В число финалистов вошла книга Хорхе Карриона «Книжные магазины».

Книжный магазин – это лишь мысль во времени.

Карлос Паскуаль. «Полномочия читателя»

Нет сомнения, что нередко мне случается говорить о вещах, которые гораздо лучше и правильнее излагались знатоками этих вопросов. Эти опыты – только проба моих природных способностей и ни в коем случае не испытание моих познаний; и тот, кто изобличит меня в невежестве, ничуть меня этим не обидит, так как в том, что я говорю, я не отвечаю даже перед собою, не то что перед другими, и какое-либо самодовольство мне чуждо. Кто хочет знания, пусть ищет его там, где оно находится, и я меньше всего вижу свое призвание в том, чтобы дать его. То, что я излагаю здесь, всего лишь мои фантазии, и с их помощью я стремлюсь дать представление не о вещах, а о себе самом.

Мишель де Монтень. «О книгах»[1]

Типограф XVI века должен был быть искушен во многих ремеслах. Помимо типографа, он был еще и книготорговцем, предпринимателем-капиталистом, составителем оглавлений и переводчиком, знавшим различные языки, равно как и корректором и издателем. Он должен был состоять в хороших отношениях с именитыми эрудитами, с одной стороны, и с богатыми меценатами и правителями – с другой. Его особый вклад в интеллектуальную жизнь не следует недооценивать.

Мартин Лайонс. «Книги»

Там они и остаются.

Но ненадолго.

Я-то знаю. Поэтому я пошла. Чтобы проститься. Всякий раз, когда я путешествую, я неизменно делаю это затем, чтобы проститься.

Сьюзен Сонтаг. «Поездка без гида»

Шагать: прочитывать клочок земли, расшифровывать кусок мира.

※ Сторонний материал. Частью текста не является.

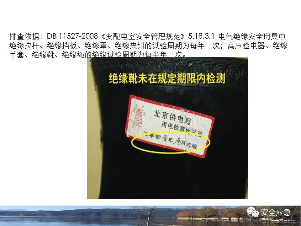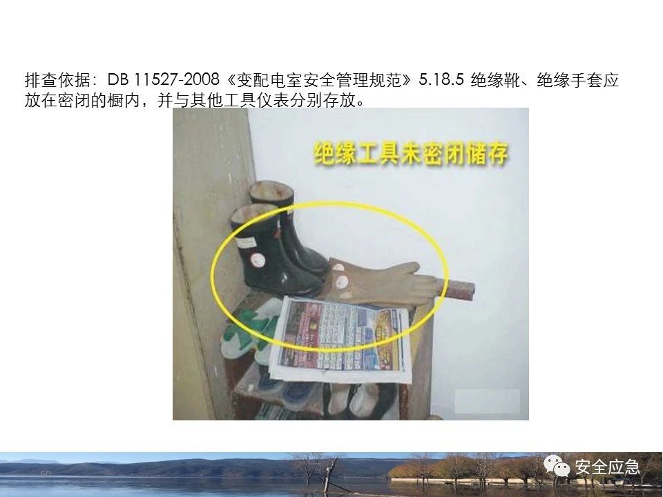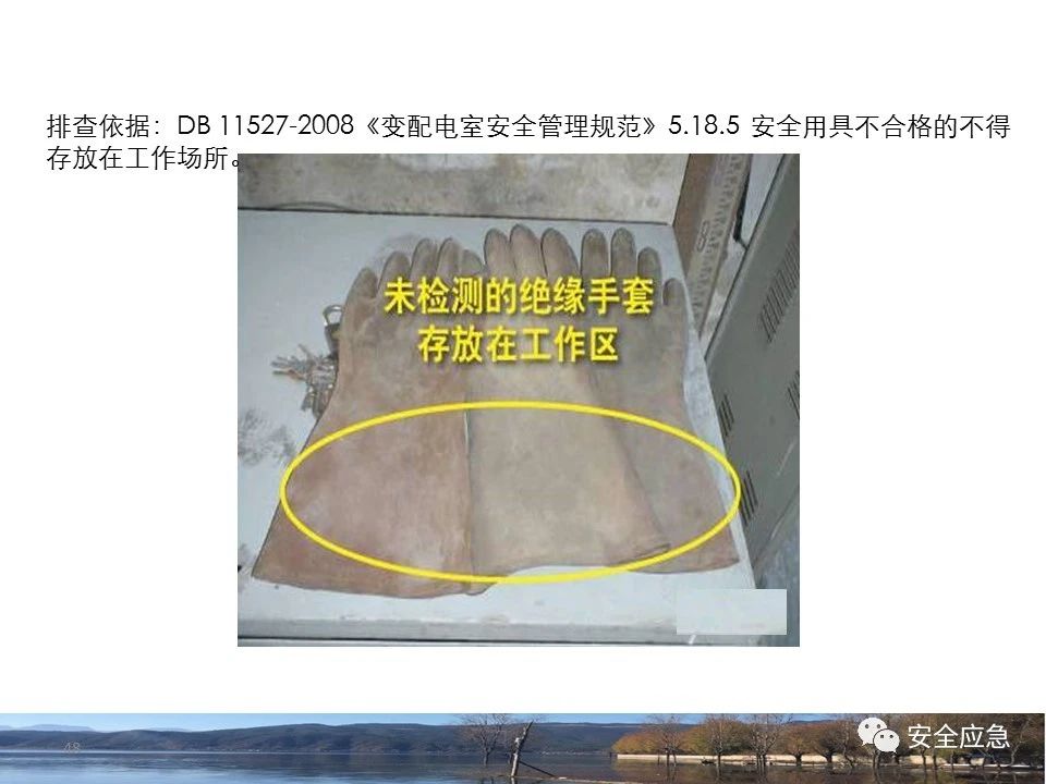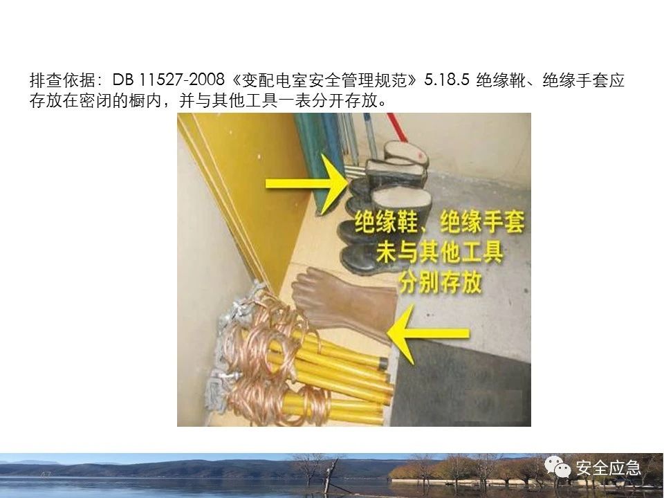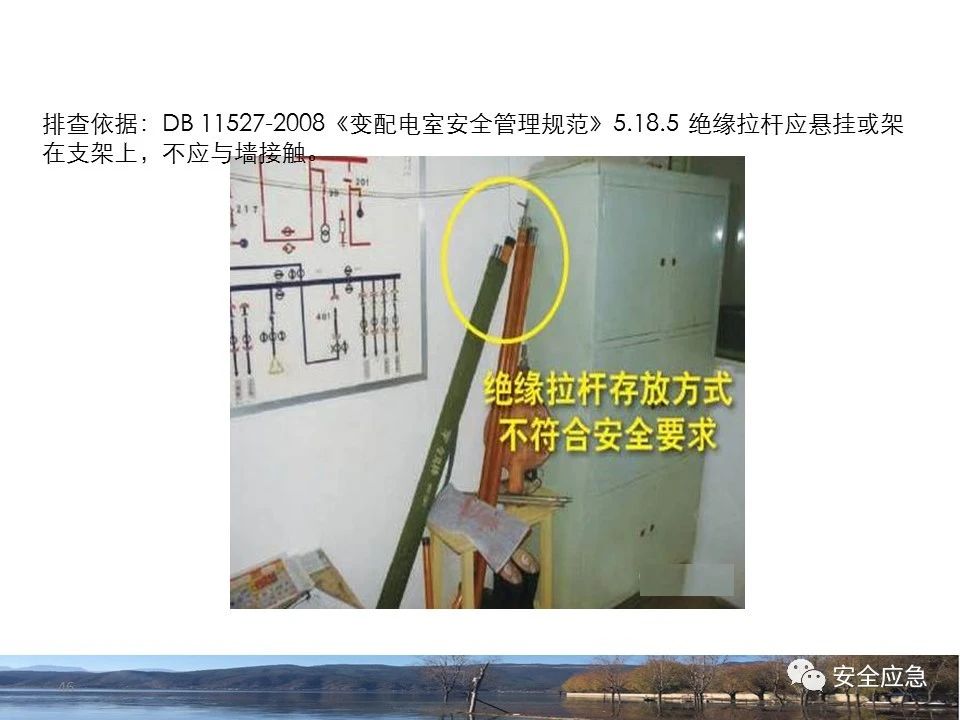 案例1 事故案例1:某輸電管理所對(duì)某35kV線路停電登檢,其中一段與10kV線路共桿塔架設(shè),35kV線路在上層,10kV線路在下層,工作前10kV、35kV線路均停電、驗(yàn)電懸掛接地線。工作過(guò)程中10kV線路送電,3名工作班成員1死2傷。 案例2 事故案例2:某供電所開(kāi)展拆除10kV空線作業(yè)。該桿塔有2回10kV線路,一回在上方,運(yùn)行狀態(tài)。待拆除空線在下方。作業(yè)人員未進(jìn)行驗(yàn)電,登桿后掛接地線。在先掛好B相后,由于掛不到AC相,爬到電桿頂上,此時(shí)碰觸到運(yùn)行線路觸電死亡。 案例3 事故案例3:某供電所開(kāi)展10kV線路拆除作業(yè)。桿塔西側(cè)待拆除線路在檢修狀態(tài),東側(cè)2回10kV線路分上下兩層在運(yùn)行狀態(tài)。工作任務(wù)結(jié)束后,工作負(fù)責(zé)人看見(jiàn)塔上電纜搭在第二臺(tái)鋼塔橫擔(dān)上,隨即上塔處理,準(zhǔn)備從塔的西面移至東面準(zhǔn)備抬電纜時(shí),后頸部碰觸到帶電線路觸電死亡。 (2)安全距離不夠的線路未停電 案例4 事故案例4:事故前,施工單位在正常運(yùn)行的10kV青龍線上方搭建竹跨越架。10kV青龍線99-100號(hào)桿段上方有帶電運(yùn)行的35kV田金線跨越,最短距離5.37米。由于10kV青龍線跨越架倒塌,導(dǎo)致斷桿、多檔導(dǎo)線脫落。隨后,工作人員開(kāi)展缺處工作。在10kV青龍線導(dǎo)線收緊時(shí),導(dǎo)線被抬升后與上方運(yùn)行的35kV田金線安全距離不足放電,導(dǎo)致收線的8名施工人員觸電,4人死亡4人受傷。 案例5 事故案例5:某單位進(jìn)行400V干線收緊弧垂工作,工作地點(diǎn)上方交叉跨越的10kV線路距離400V主干配電線#1桿桿頂830mm,但未停電。工作人員準(zhǔn)備實(shí)施緊線作業(yè),當(dāng)左腿跨至橫擔(dān)上時(shí),上方交叉跨越的10kV線路對(duì)其右肩背放電。 案例6 事故案例6:某施工隊(duì)開(kāi)展新建10kV線路穿越運(yùn)行的110kV線路作業(yè),兩回線距離僅有1.3m 左右,造成110kV線路對(duì)新架設(shè)10kV線路放電,死亡1人,重傷1人。 案例7 事故案例7:某施工隊(duì)進(jìn)行10kV新建立桿施工過(guò)程中,扒桿倒在鄰近運(yùn)行的10kV運(yùn)行線路上,導(dǎo)致人身觸電,2人死亡,1人受傷。 案例8 事故案例8:某施工隊(duì)負(fù)責(zé)人開(kāi)展低壓線路架設(shè)工作。手拉導(dǎo)線由B2#桿展放上到配變后,兩名工作人員手持導(dǎo)線同時(shí)上到帶電的變壓器雙桿上,一名工作人員在上層工作時(shí)與10kV裸導(dǎo)線較近,將手持的400V絕緣導(dǎo)線誤碰到10kV變框小母線后,導(dǎo)至兩人同時(shí)觸電。 案例9 事故案例9:某施工隊(duì)開(kāi)展10kV高壓跌落熔斷器安裝工作。本應(yīng)在原10kV阿租支線0號(hào)桿、1號(hào)桿,10kV一街Ⅱ回線26號(hào)桿、28號(hào)桿各裝一組接地線。但實(shí)際10kV一街Ⅱ回線27號(hào)桿大號(hào)側(cè)、原10kV阿租支線1號(hào)桿大號(hào)側(cè)各裝設(shè)了1組接地線。同時(shí),接地線的接地樁埋深為41 cm,因土壤長(zhǎng)期干旱,造成接地電阻較大(實(shí)測(cè)值:333歐),遠(yuǎn)遠(yuǎn)超過(guò)接地要求值(30歐),接地線失去接地保護(hù)作用。由于10kV一街線坡頭支線(原帶電)與10kV一街Ⅱ回線(原不帶電)桿之間有交叉跨越(垂直距離約2米),檔距較大,刮大風(fēng)導(dǎo)致10kV一街線坡頭支線向上舞動(dòng),對(duì)10kV一街Ⅱ回線放電,致使2名作業(yè)人員觸電,1死1傷。 其它案例見(jiàn)37、38。 (3)錯(cuò)停線路 案例10 事故案例10:某工作人員與調(diào)度聯(lián)系停電線路時(shí),錯(cuò)誤說(shuō)成其他線路,導(dǎo)致其他線路停電而工作線路未停電。隨后,工作人員在沒(méi)有采取驗(yàn)電、掛接地線等安全措施的情況下便登桿,造成觸電。 (4)開(kāi)關(guān)柜相鄰柜之間沒(méi)有隔板,但未停相鄰間隔 案例11 事故案例11:某檢修班組開(kāi)展10kV開(kāi)關(guān)柜(GG1A柜)檢修作業(yè)。工作人員獨(dú)自爬上4321隔離開(kāi)關(guān)柜頂從事4321隔離開(kāi)關(guān)檢修相關(guān)工作。因其與相鄰間隔的帶電的10kVII段母線安全距離不夠,觸電死亡。 案例12 事故案例12:某工作人員在開(kāi)關(guān)柜內(nèi)進(jìn)行二次接線,由于工作地點(diǎn)與相鄰柜之間沒(méi)有隔板,意外墜入相鄰帶電開(kāi)關(guān)柜,導(dǎo)致觸電。 (5)不停電不正確使用安全工器具開(kāi)展低壓作業(yè) 案例13 事故案例13:某廠家對(duì)220kV變壓器的繞組溫度計(jì)進(jìn)行更換消缺工作。在沒(méi)有對(duì)繞組溫度計(jì)工作電源(220V)停電的情況下作業(yè)。將帶有220V電壓的電纜芯線上的絕緣帶拆除時(shí),誤碰帶電芯線造成觸電死亡。 案例14 事故案例14:某供電所員工檢查一客戶家中斷電情況。巡線時(shí)發(fā)現(xiàn)220V低壓線路導(dǎo)線斷線,在未斷開(kāi)低壓開(kāi)關(guān)、未戴絕緣手套的情況下,試圖將導(dǎo)線卷起時(shí),不慎觸碰帶電導(dǎo)線中間裸露部分,導(dǎo)致觸電死亡。 案例15 事故案例15:某工作人員在檢查時(shí)發(fā)現(xiàn)220V低壓線路故障點(diǎn),在未戴手套、未使用絕緣梯子的情況下,在拆除三通PVC管時(shí),左手不慎觸碰帶電絕緣導(dǎo)線破損點(diǎn)裸露部分,導(dǎo)致觸電受傷。 2.驗(yàn)電環(huán)節(jié) (6)不檢查設(shè)備狀態(tài)、不驗(yàn)電 案例16 事故案例16:供電所某員工在未攜帶驗(yàn)電器、接地線、絕緣手套、絕緣靴、安全帽等

Октавио Пас. «Грамматическая обезьяна»

Человек познает способности лишь через опыт. Когда орленок впервые расправляет крылья и доверяется воздушному потоку, он трепещет, точно молодая голубка. Когда сочинитель пишет свой первый труд, ни он сам, ни издатель еще не знают его настоящей цены. Но если издатель платит нам столько, сколько считает нужным, мы, в свою очередь, продаем ему то, что считаем нужным. И только успех позволяет и книгопродавцу, и литератору оценить работу.

Дени Дидро. «Письмо о книжной торговле»[2]

Введение, начинающееся со старого рассказа Стефана Цвейга

Его можно взять в руки, как книгу, этот городок, и полистать страницы, – столько-то страниц в голове у каждого из обитателей. А когда война кончится, тогда в один прекрасный день, в один прекрасный год книги снова можно будет написать, созовем всех этих людей, и они прочтут наизусть всё, что знают, и мы всё это напечатаем на бумаге. А потом, возможно, наступит новый век тьмы и придется опять всё начинать сначала. Но у человека есть одно замечательное свойство: если приходится всё начинать сначала, он не отчаивается и не теряет мужества, ибо он знает, что это очень важно, что это стоит усилий.

Рэй Брэдбери. «451 градус по Фаренгейту»[3]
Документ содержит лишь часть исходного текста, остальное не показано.